St John of God Murdoch Hospital is a 511-bed private non-profit hospital located in the southern suburbs of Perth in Western Australia, immediately adjacent to the public Fiona Stanley Hospital campus. The distance between the entrances to the emergency departments of these two hospitals is approximately .

Established in 1994, the hospital services the southern suburbs of Perth. It provides comprehensive hospital services for more than 50,000 patients each year, with the emergency department.

St John of God Murdoch Hospital is a division of St John of God Health Care.

Facilities
St John of God Murdoch Hospital has 511 inpatient beds, a 24-hour emergency department, 16 operating theatres, five endoscopy suites, two angiography suites, birth suite, maternity ward, hydrotherapy pool, medical library and education centre.

Services
Services provided by St John of God Murdoch Hospital include the following:
 a 24-hour Emergency Department
 medical and surgical services
 paediatrics
 maternity
 palliative care
 critical and coronary care
 cancer treatment

St John of God Murdoch Community Hospice 
Located on the grounds of St John of God Murdoch Hospital, the purpose-built, 20-bed Murdoch Community Hospice provides specialist palliative care to patients in Perth's southern suburbs. Funding for the $5m Murdoch Community Hospice was raised by the St John of God Foundation.

Education
St John of God Murdoch Hospital has affiliations with a number of teaching institutions, including The University of Western Australia, Challenger Institute of Technology, Edith Cowan University and the University of Notre Dame Australia.

Redevelopment

In 2014, the hospital finished the first stage of a $200+ million redevelopment project, which included adding 174 beds, eight new theatres, a cancer centre including 20-place chemotherapy unit, multi-storey medical centre, 30-place endoscopy unit, pathology laboratory, birthing suite and 450 new parking bays.

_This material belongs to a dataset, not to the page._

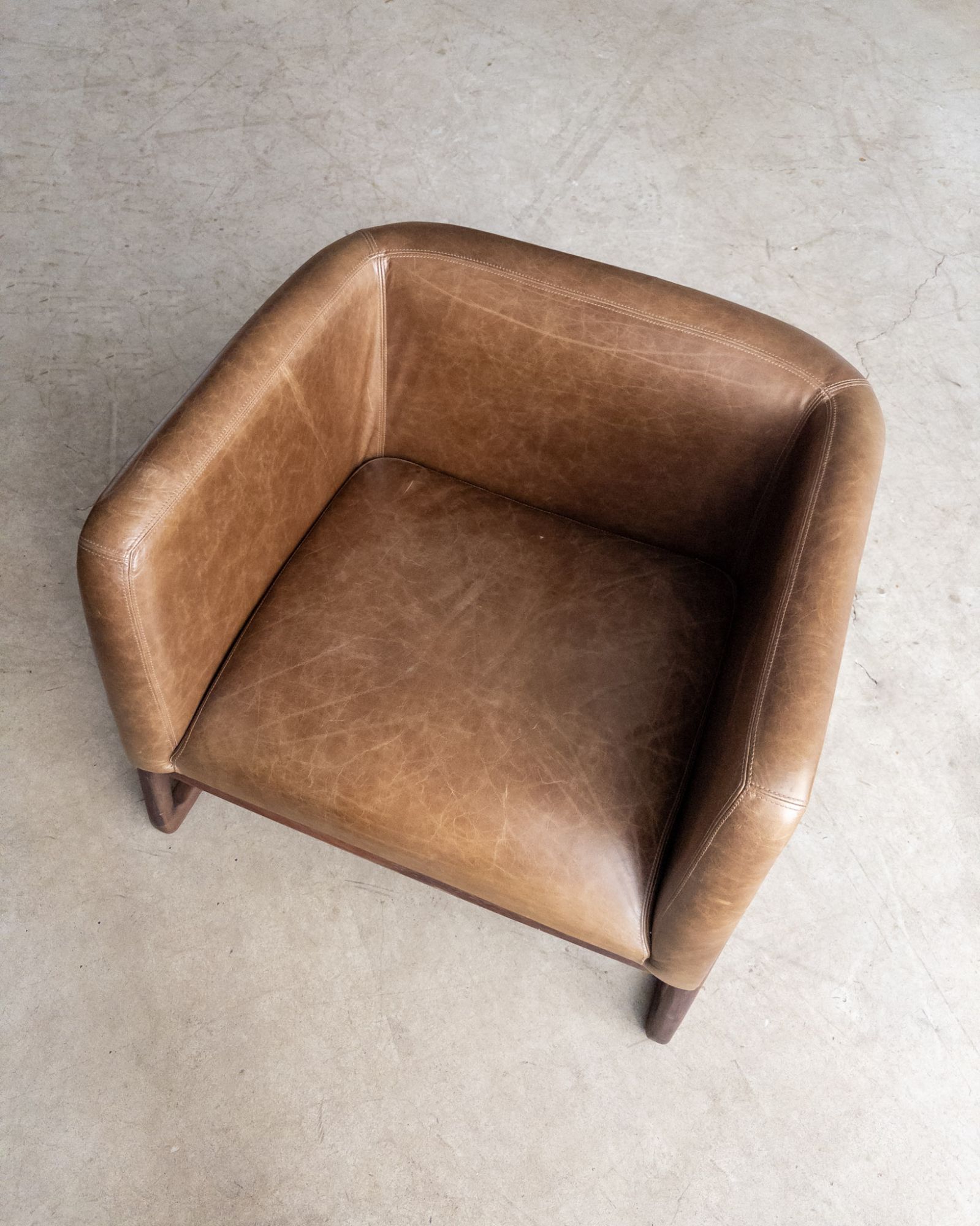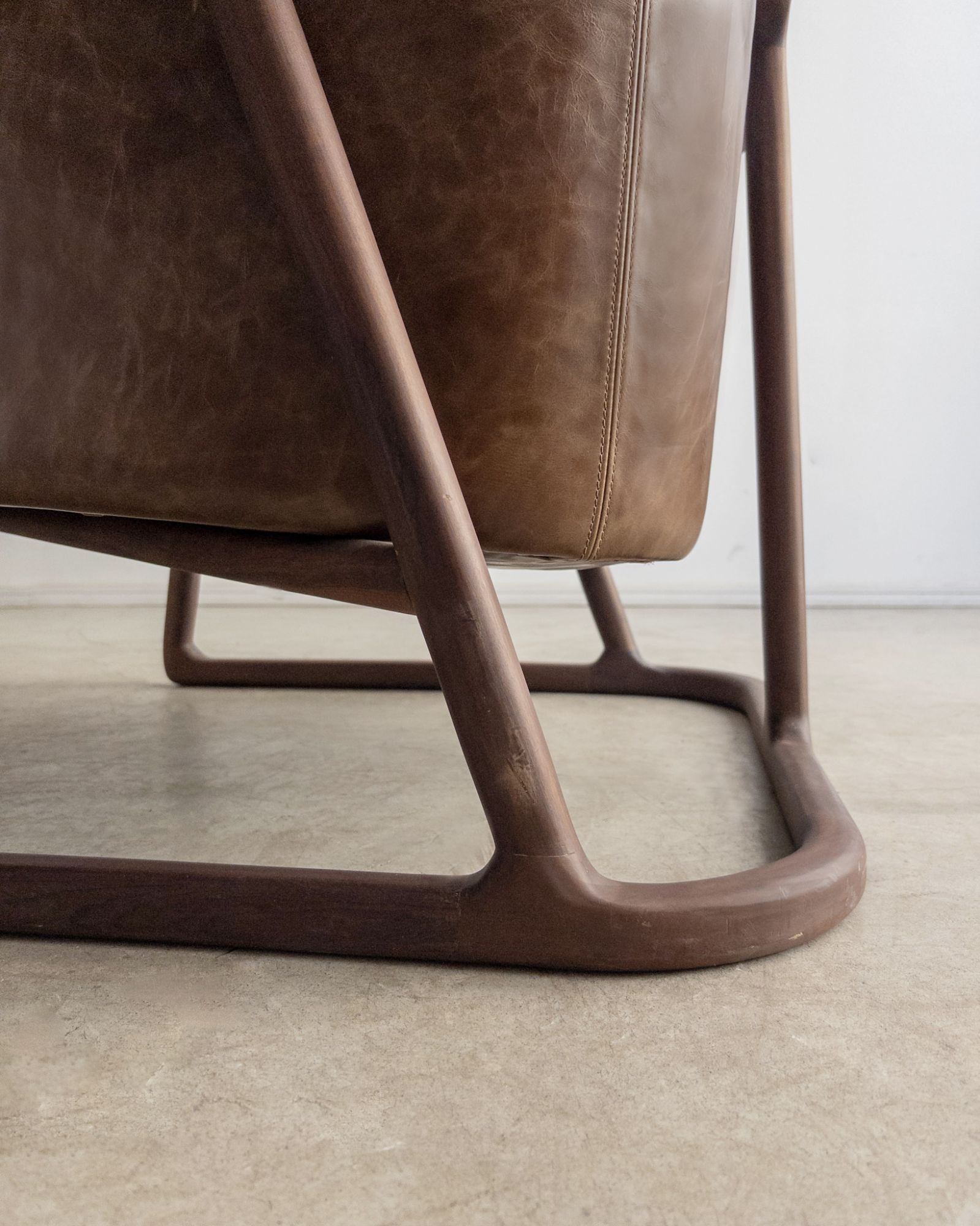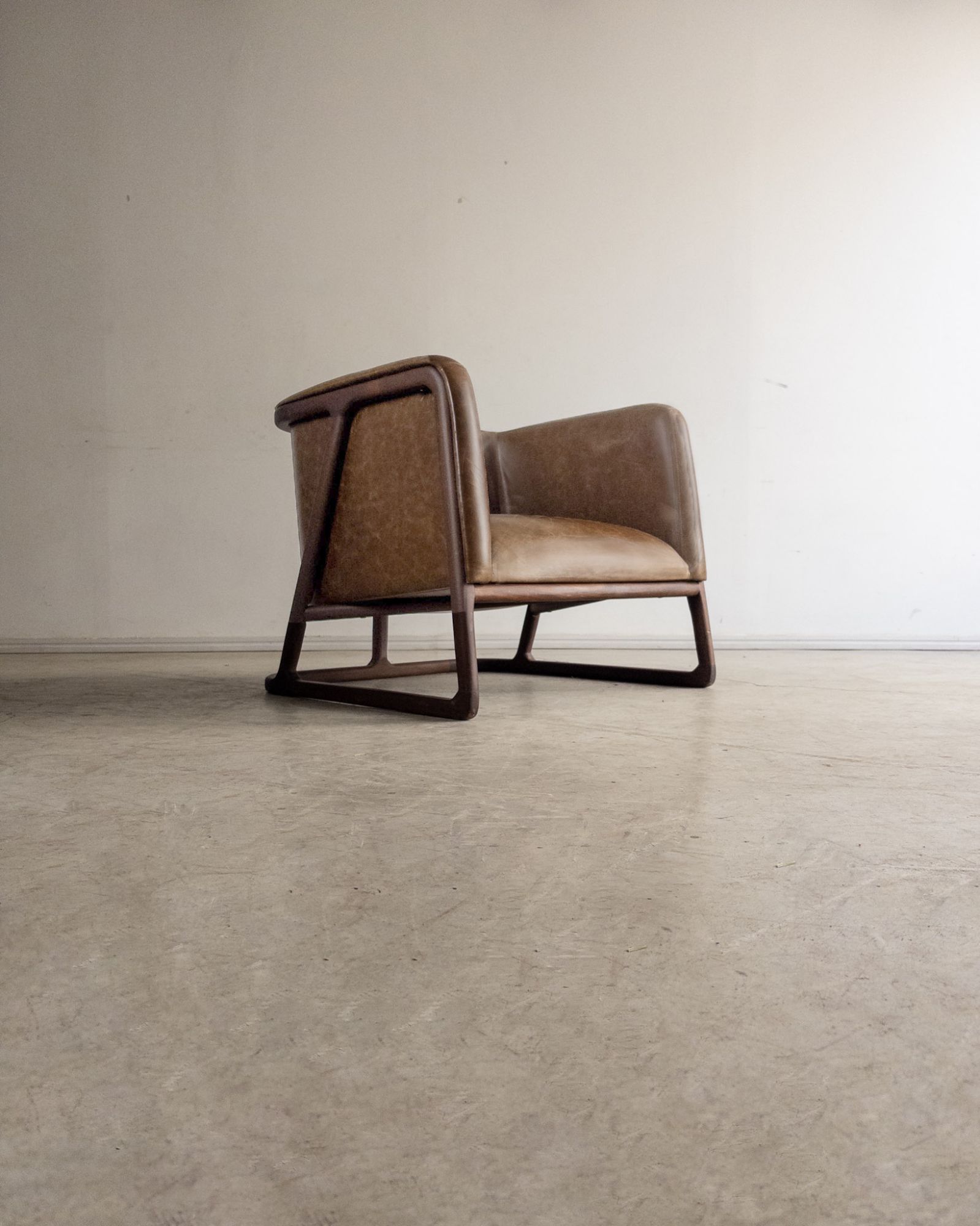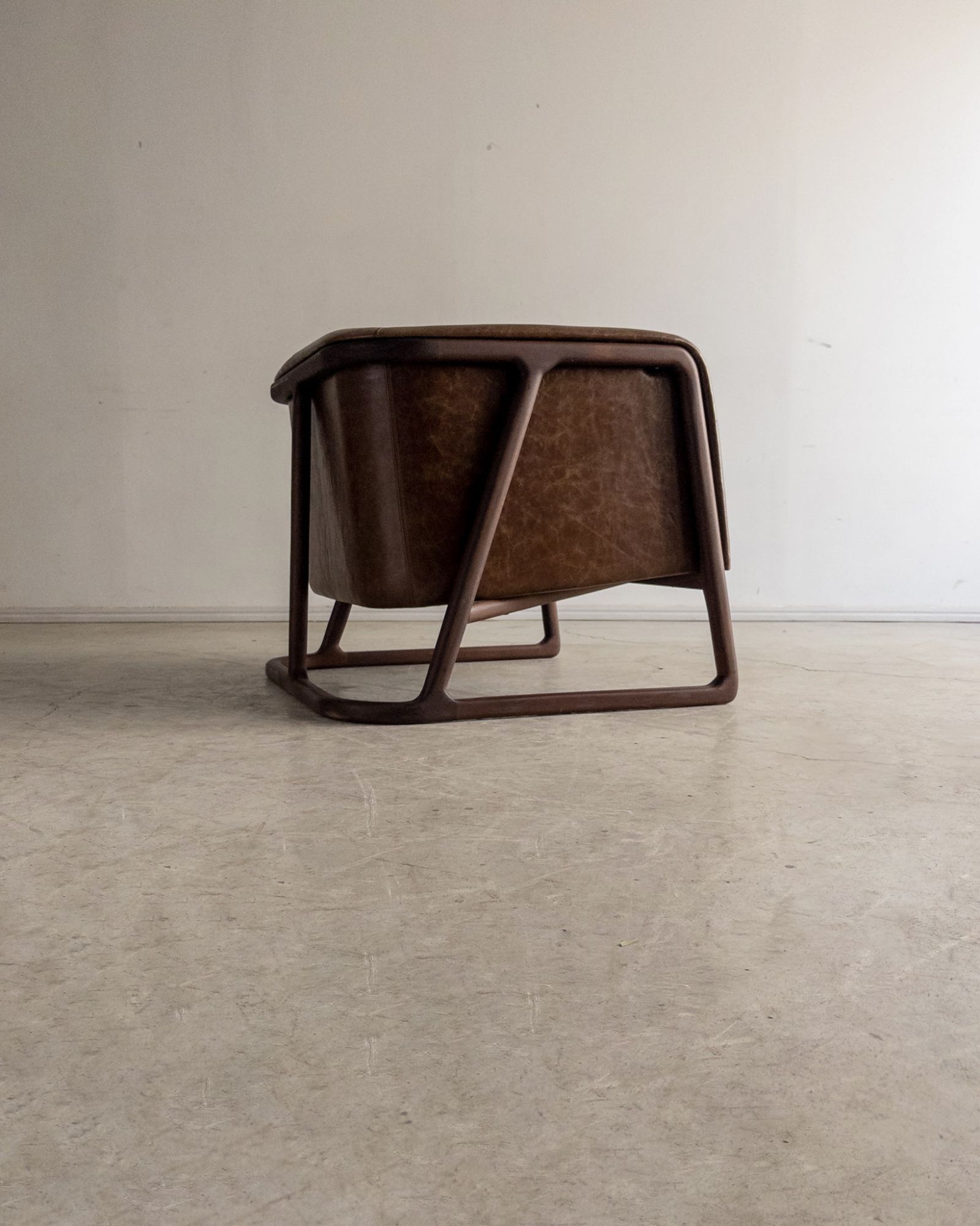 Super confortável, com estrutura em madeira maciça torneada e assento revestido em couro natural, a Poltrona Carybé, de Ronald Sasson, equilibra técnica refinada e delicadeza estética.

Stage two of the redevelopment included a new Chapel and refurbished main entrance and foyer. The hospital's north wing wards are also being refurbished.

Social outreach 
St John of God Raphael Services in Fremantle and Cockburn provides perinatal infant mental health care and undertakes research. Staffed by mental health clinicians, Raphael Services provide free support for parents and families affected by anxiety, depression and other mental health difficulties during pregnancy and in the postnatal period. The services also provide counselling and support for parents undergoing prenatal testing or who have experienced pregnancy loss.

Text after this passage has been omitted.